IDAHO LIVING

IDAHOAN: NIKKI MACREDES

Nikki Macredes

It’s not everyday you meet someone with plans to save the world. Much less someone who wants to save the world by saving bugs.

And then you meet Nikki Macredes, an Idahoan beekeeper with an absolute passion for bees.

Just ask her what the bee obsession is all about and you’ll get an answer like this: 

My mission right now is to save as many bees as I can.

Nikki didn’t grow up loving bees. In fact, she had the same reaction to them most of us still do.

“I was scared of bees and I didn’t really know how gentle they were until we started picking them up and started saving them,” she said.

Yes, you read that correctly. Nikki and her daughter would find bees close to death, dying of thirst, and she would take them home to feed them sugar water until they recovered.

Her bee-saving work coincided with a unique experience Nikki shared with a bee. 

“One day I was sitting in my backyard and this honeybee just hovered in front of my face for 15 to 20 seconds.  It was like she was checking me out and trying to tell me something,” Nikki said.

After that, Nikki was hooked on bees. 

“I knew that one out of every three bites we eat depends on the bees. I knew we were losing a third of our colonies and every year beekeepers were losing bees like crazy and I wanted to be part of helping to save them and to raise awareness so people know how important they are,” Nikki said.

So she started her company, Bee Swell. As owner, not only does she work to educate people about the importance of bees but she also rescues bees.

“We want to raise awareness to let people know if you see a swarm in your yard, call a beekeeper. We will come out for free and rescue the bees. We don’t want them to be sprayed. We want to save every bee that we can,” Nikki said.

Bee Swell also sells eco-friendly surf wax made from beeswax and honeybee wildflower seed mixtures called ‘seed bombs’ that will sprout wildflowers in your backyard.

Nikki is hopeful her message will resonate with people and she can help them to understand just how much bees do.

“The cotton from our clothes, the alfalfa that feeds the cows, all of that is pollinated by bees. It’s more than just what we eat, it’s our whole ecosystem,” Nikki said.

While there are many reasons and theories for the disappearance of bees in our world, Nikki says pesticides play a large role.  She asks people to avoid spraying plants, including dandelions, with toxic pesticides.

“What happens is the bees land on that flower and they end up taking in the poison, bringing it back to the hive, because they’re giving this food to the whole colony and you can kill a whole colony,” she said.

Nikki estimates she has maybe 70,000 bees in her bee boxes in her back yard in Middleton, Idaho.

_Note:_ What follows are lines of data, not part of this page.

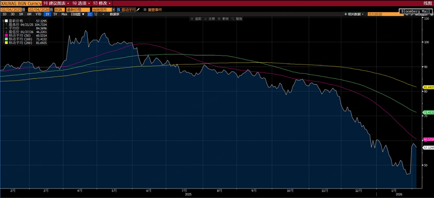 金银比跌破长期均值后迅速回升,说明白银此前的超额涨幅正在被市场重新定价。简而言之,这一次金银比的回升,是结构性修复白银的超预期增长,而非黄金长期看好趋势反转。
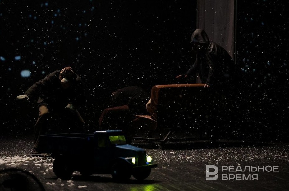 У Заббарова спектакль начинается с их встречи: Ильяс вытягивает заглохшую машину Байтимера. Метель на экранах (основа сценографии), шум, крики. Появляется главный реквизит спектакля: диван, символизирующий салон грузовика. Как шутит один из водителей, ничем они не отличаются от собаки: едят из миски, живут и работают в ящике, да еще и хозяин есть.
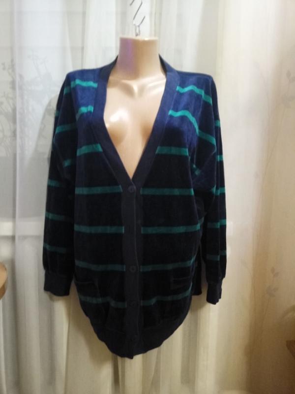 бархат, цвет синий с зеленой полоской, размер 50-52, замеры:плечи (приспущенные)55, 5, рукав49, длина 67, объем 58, iзян-нет 1 пуговица.
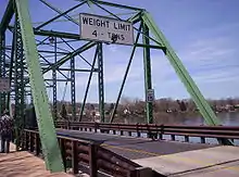 The New Hope–Lambertville Bridge is a six-span, pin-connected Pratt through truss containing 962 tons of steel.[4] Its total length is either 1,045 or 1,053 feet (321 m), depending on the source. Each span measures 171 feet (52 m).[5] The bridge supports a cantilevered walkway on its southern side for pedestrians.
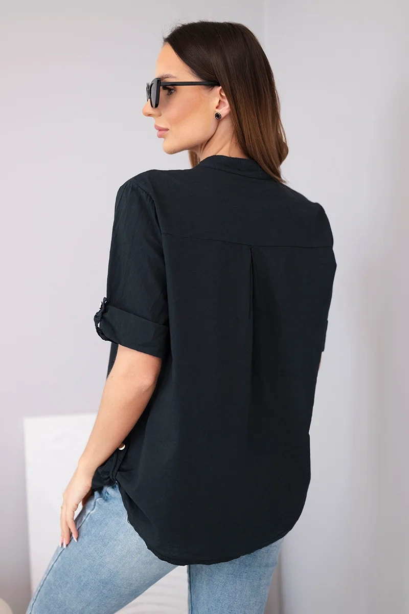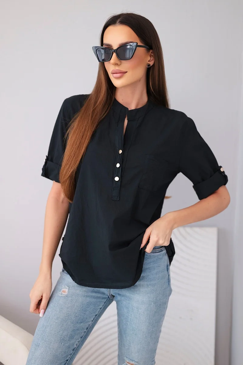 Bluzka damska koszulowa bawełniana z krótkim rękawem i kieszonką czarna
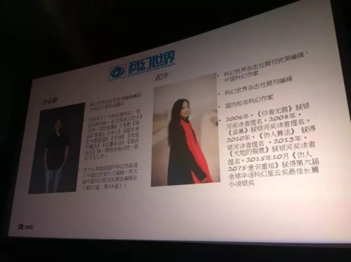 其实最初在蔚来汽车邀请我们来这个活动时,我心想:“你们是找错人了吧?我连车都不会开,你们请我到这来是要弄一个车祸现场啊?”但后来他们解释,蔚来汽车说的是一种为用户创造愉悦的生活方式,一个追求美好明天和蔚蓝天空的未来愿景;做的是环保的智能电动汽车。那这就和我们做科幻行业的大有联系。
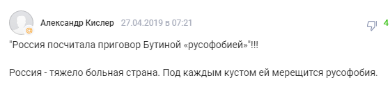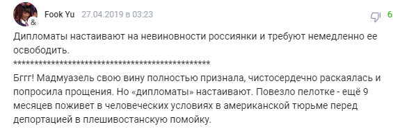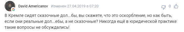 "Русофобія - це нинішнє керівництво в кремлі, решта - наслідки", "Так вона ж сама визнала свою провину.. Видно знову венесуельський порошок долетів до рашкованскіх дипломатів", "Росія - важко хвора країна. Під кожним кущем їй ввижається русофобія", "у Кремлі сидять казкові дов... би, ви скажете, що це образа, але як бути, якщо вони реальні дов... би, а не казкові? Ніколи ще в юридичній практиці такі питання не обговорювалися!", "у Демида один текст на все))", - пишуть коментатори.
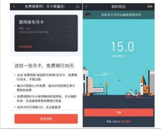 6月29日,摩拜单车曾宣布即日起免费送出1000万张月卡,在摩拜 App 或者小程序上领取这张月卡后,全国各地的摩拜用户均可在其后30天内免费骑行摩拜单车。然而,在用户的参与中,却多次出现免费活动期间扣费的状况。
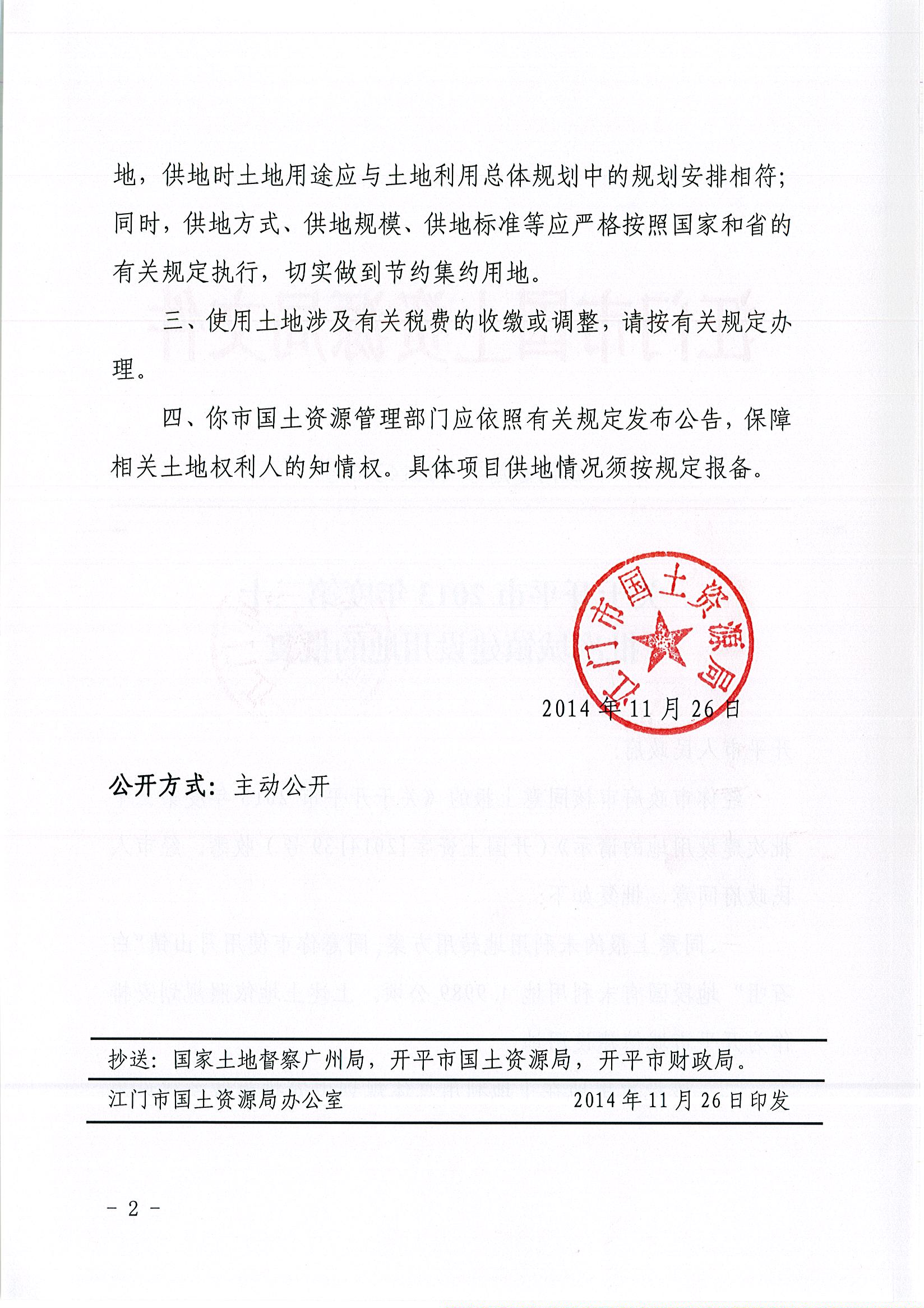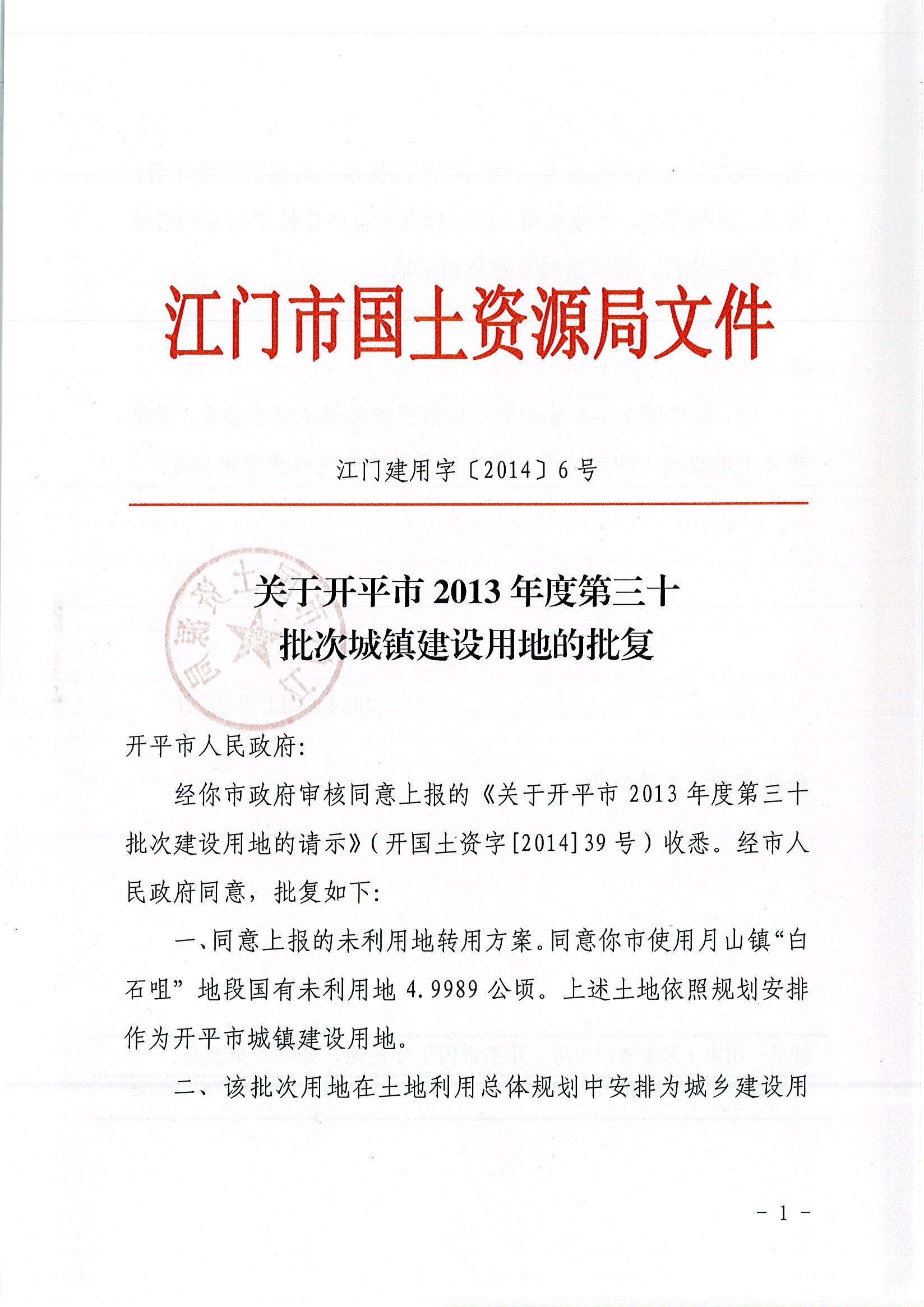 開平市2013年度第三十批次城鎮(zhèn)建設(shè)用地的批復(fù)
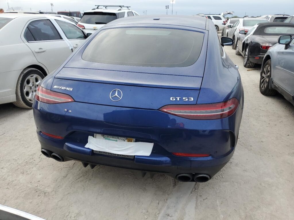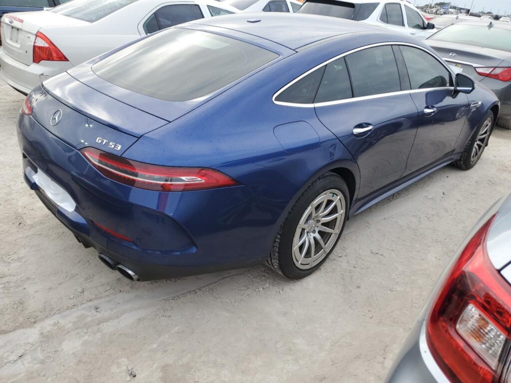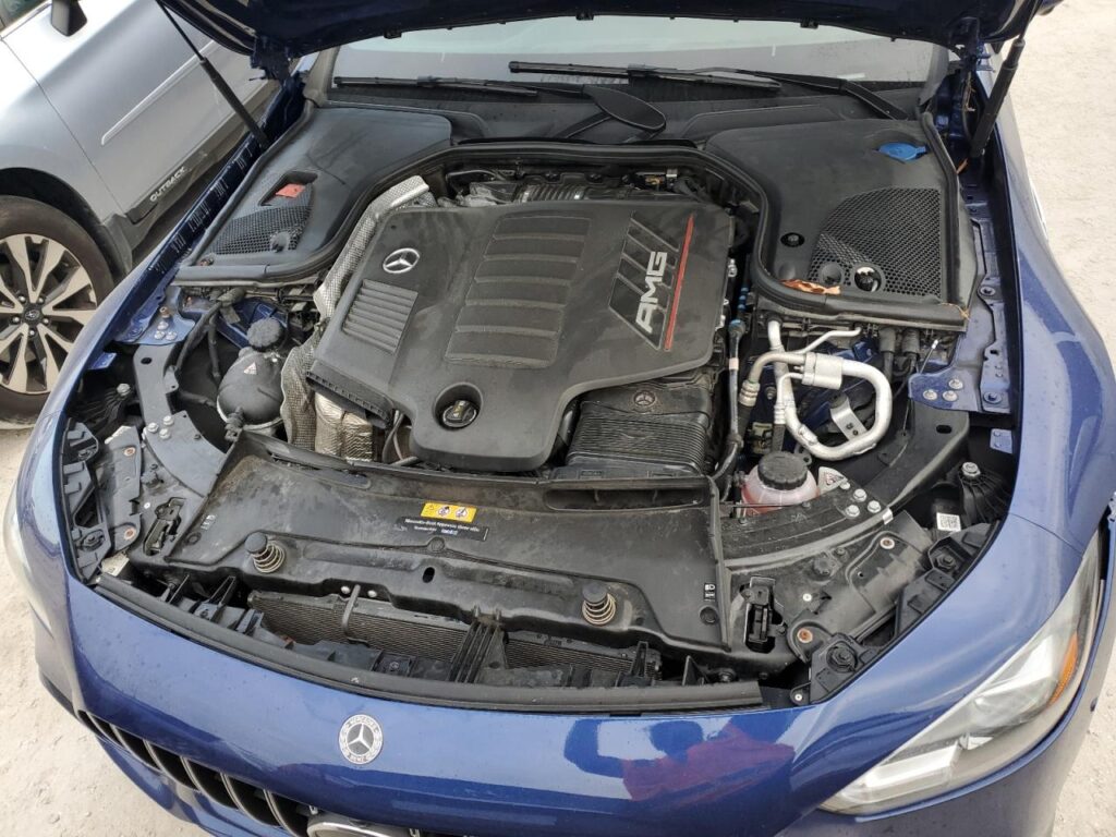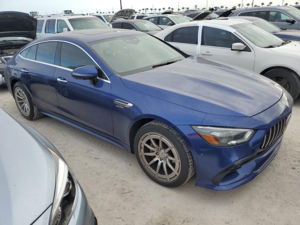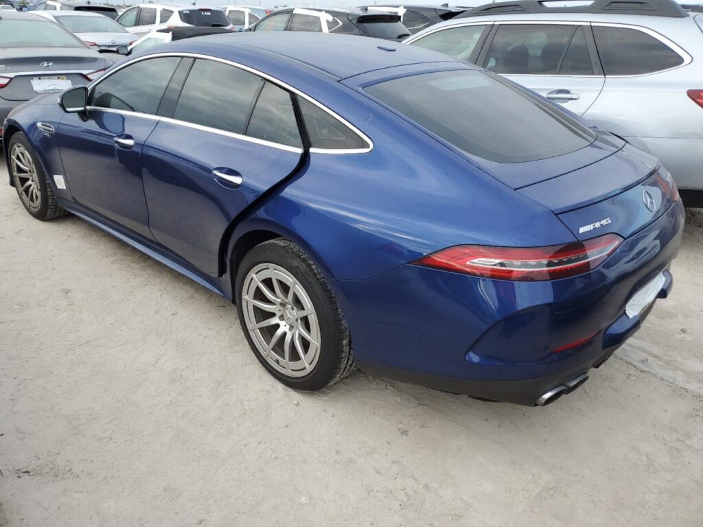 This 2019 Mercedes-Benz Gt-Class (Blue) is equipped with an engine designed to balance performance and efficiency. According to the auction listing, the vehicle had 56,442 miles at the time of sale.

Her plan is to grow the business and eventually move to a larger piece of land where she can create a pollinators sanctuary for even more bees to thrive.

She says she never guessed her life would be put on this trajectory, but she couldn’t be happier about it.

“I can’t even explain how it happened. That one bee was all that it took to put me on this journey and three almost four years later I am loving every minute of it. I never knew I could love a bug so much,” she said.